Pourquoi avoir favorisé la cavalerie lourde au lieu de vous fixer sur un
trinôme archer-piquier-coutelier?

Léonard


Salut à vous Léonard,

Avant de répondre à votre question, laissez-moi vous en poser une autre: avez-vous déjà assisté à la marche implacable de milliers de soldats goths? Si ce n'est pas le cas alors vous devrez comprendre que notre époque a réclamé de nombreux changements dans notre façon de faire la guerre. Nous affrontons des ennemis toujours plus nombreux et chaque jour plus dangereux. Désormais, les tactiques traditionnelles que l'on nous a jadis enseignées ne peuvent plus faire face à ces ennemis dont les effectifs croissent inexorablement.

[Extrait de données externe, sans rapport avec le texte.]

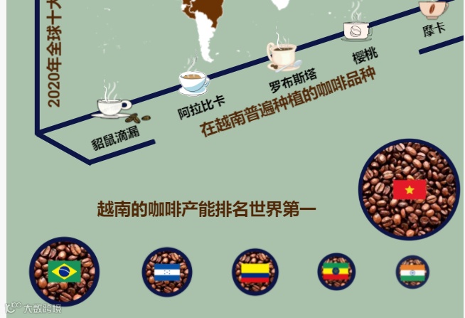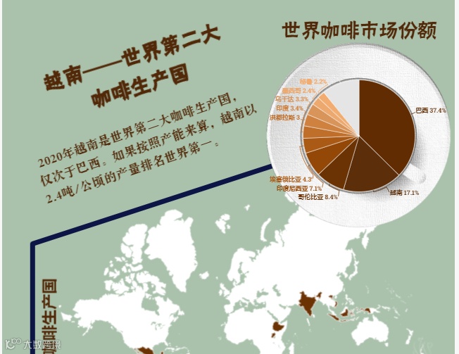 2020年越南是世界第二大咖啡生产国,仅次于巴西。如果按照产能来算,越南以2.4吨一公顷的产量排名世界第一。

Aussi il a fallu s'adapter.

Si nous nous étions contentés de l'organisation standard (à savoir une ligne de piquiers, une autre de soldats légers, et enfin une réserve d'archers à l'arrière) nous nous serions retrouvés dans la même configuration qu'une armée gothique ou arabe; et à ce moment-là notre infériorité numérique nous aurait conduits à un échec assuré.

La question fut donc: comment vaincre un ennemi quatre à cinq fois supérieur en nombre tout en limitant nos pertes au strict minimum? Eh bien, c'est dans la cavalerie que nous avons trouvé la réponse. Car, comme vous l'avez si bien noté, il est vrai que les soldats montés ont joué un rôle plus que central dans l'organisation de nos armées et le déroulement des batailles que nous avons menées.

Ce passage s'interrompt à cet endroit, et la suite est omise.